THE PROBLEM
Below is a listing with pictures. Repeat exactly the lines starting at the one holding "Figure 13. Raman" and going on through the one holding "我们在4月14日晚就宣传活动", and leave every picture out.
=====
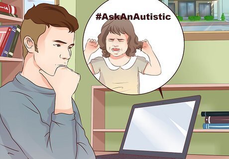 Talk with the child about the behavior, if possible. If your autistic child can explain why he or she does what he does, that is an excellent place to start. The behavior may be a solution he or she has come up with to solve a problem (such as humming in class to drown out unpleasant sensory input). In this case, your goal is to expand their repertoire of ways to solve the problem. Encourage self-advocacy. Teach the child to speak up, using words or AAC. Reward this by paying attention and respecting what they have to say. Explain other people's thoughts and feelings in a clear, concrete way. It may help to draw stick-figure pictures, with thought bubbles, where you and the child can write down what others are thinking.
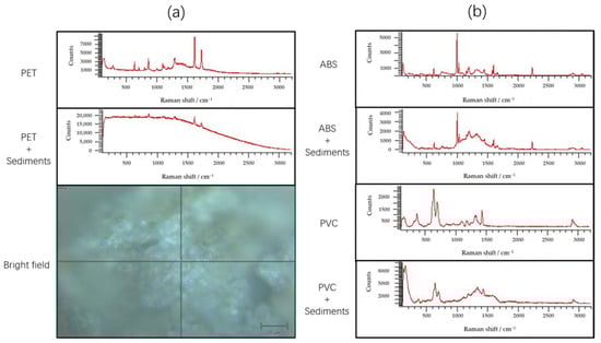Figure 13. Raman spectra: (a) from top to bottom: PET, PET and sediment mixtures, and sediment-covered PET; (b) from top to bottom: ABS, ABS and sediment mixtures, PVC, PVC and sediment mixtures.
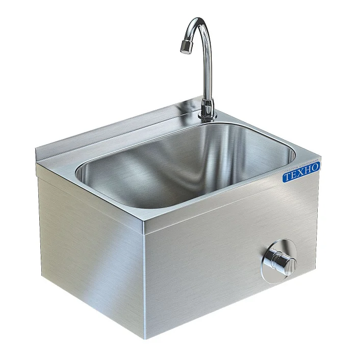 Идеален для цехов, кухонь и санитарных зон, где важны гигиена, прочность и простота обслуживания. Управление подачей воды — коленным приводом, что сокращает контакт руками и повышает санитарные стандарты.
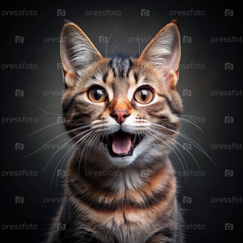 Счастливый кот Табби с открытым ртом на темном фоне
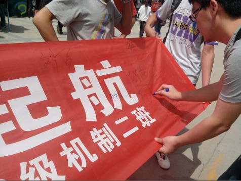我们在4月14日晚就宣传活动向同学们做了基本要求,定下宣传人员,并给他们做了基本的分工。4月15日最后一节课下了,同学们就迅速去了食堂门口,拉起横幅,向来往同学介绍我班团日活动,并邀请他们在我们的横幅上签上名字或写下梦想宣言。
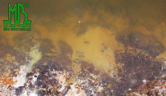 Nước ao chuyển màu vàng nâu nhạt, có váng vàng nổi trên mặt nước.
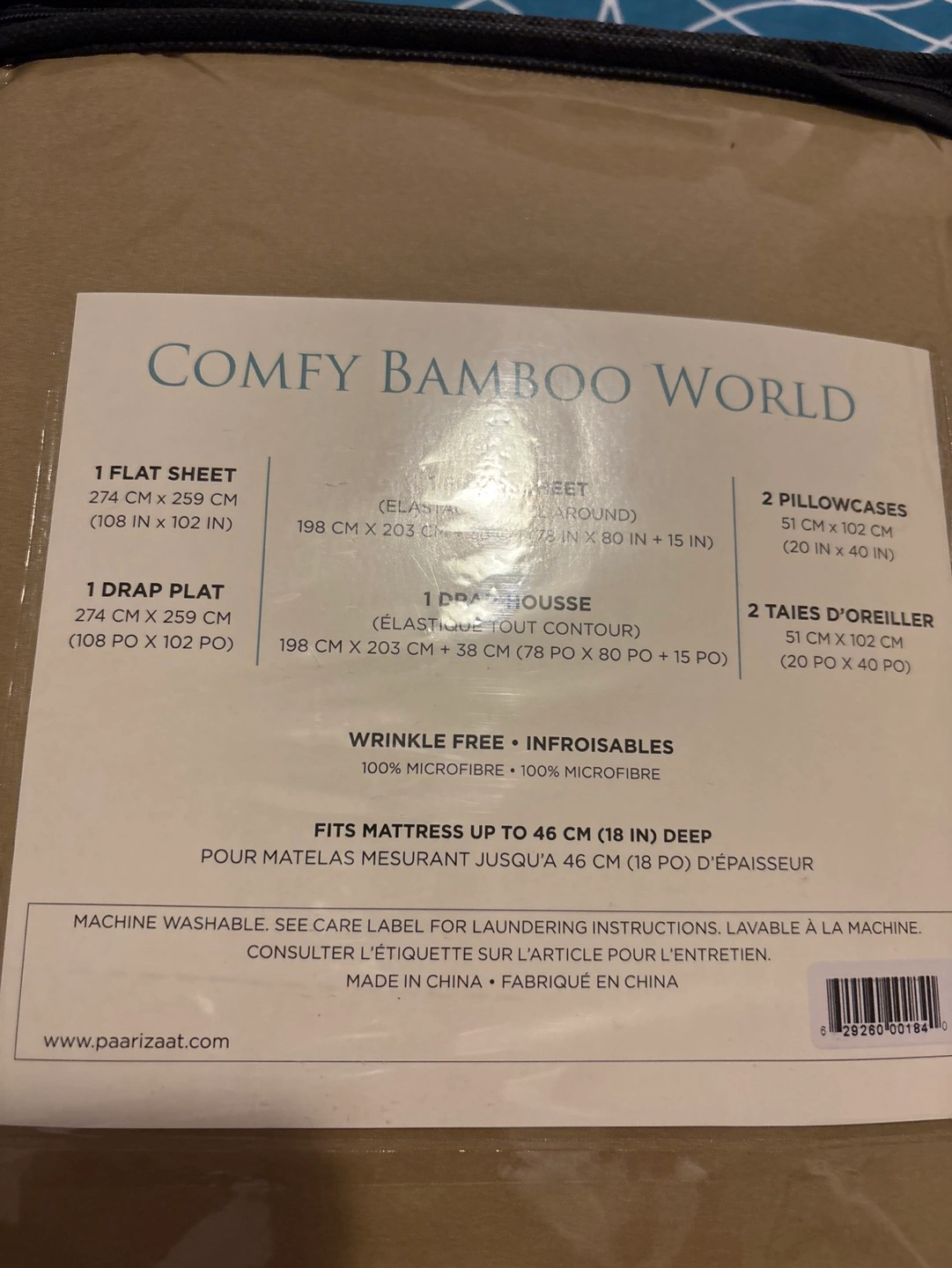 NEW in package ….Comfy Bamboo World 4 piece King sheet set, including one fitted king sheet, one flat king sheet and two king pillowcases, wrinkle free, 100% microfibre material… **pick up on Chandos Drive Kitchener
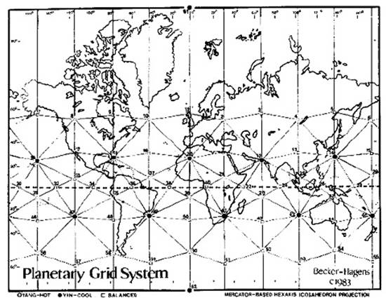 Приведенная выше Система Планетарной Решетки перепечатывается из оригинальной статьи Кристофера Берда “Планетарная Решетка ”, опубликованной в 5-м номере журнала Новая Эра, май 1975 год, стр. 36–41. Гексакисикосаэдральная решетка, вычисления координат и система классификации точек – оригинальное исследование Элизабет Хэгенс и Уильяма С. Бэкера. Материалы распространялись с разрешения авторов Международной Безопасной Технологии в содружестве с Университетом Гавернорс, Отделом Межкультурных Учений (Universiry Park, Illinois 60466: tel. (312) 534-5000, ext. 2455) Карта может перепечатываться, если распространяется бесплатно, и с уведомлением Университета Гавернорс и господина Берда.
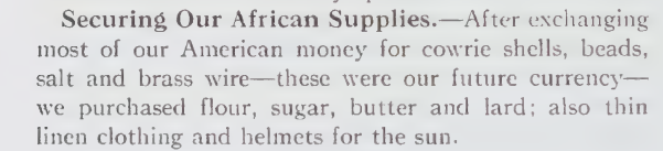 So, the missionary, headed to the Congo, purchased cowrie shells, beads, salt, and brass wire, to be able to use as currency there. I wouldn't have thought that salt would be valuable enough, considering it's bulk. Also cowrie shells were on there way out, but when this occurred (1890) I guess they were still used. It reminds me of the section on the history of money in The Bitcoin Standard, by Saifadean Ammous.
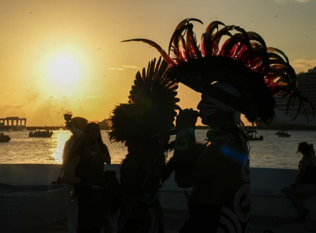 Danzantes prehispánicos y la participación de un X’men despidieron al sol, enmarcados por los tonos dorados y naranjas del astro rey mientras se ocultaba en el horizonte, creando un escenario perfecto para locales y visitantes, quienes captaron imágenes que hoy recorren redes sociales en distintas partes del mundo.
=====
THE COMPLETED TASK
Figure 13. Raman spectra: (a) from top to bottom: PET, PET and sediment mixtures, and sediment-covered PET; (b) from top to bottom: ABS, ABS and sediment mixtures, PVC, PVC and sediment mixtures.
 Идеален для цехов, кухонь и санитарных зон, где важны гигиена, прочность и простота обслуживания. Управление подачей воды — коленным приводом, что сокращает контакт руками и повышает санитарные стандарты.
 Счастливый кот Табби с открытым ртом на темном фоне
我们在4月14日晚就宣传活动向同学们做了基本要求,定下宣传人员,并给他们做了基本的分工。4月15日最后一节课下了,同学们就迅速去了食堂门口,拉起横幅,向来往同学介绍我班团日活动,并邀请他们在我们的横幅上签上名字或写下梦想宣言。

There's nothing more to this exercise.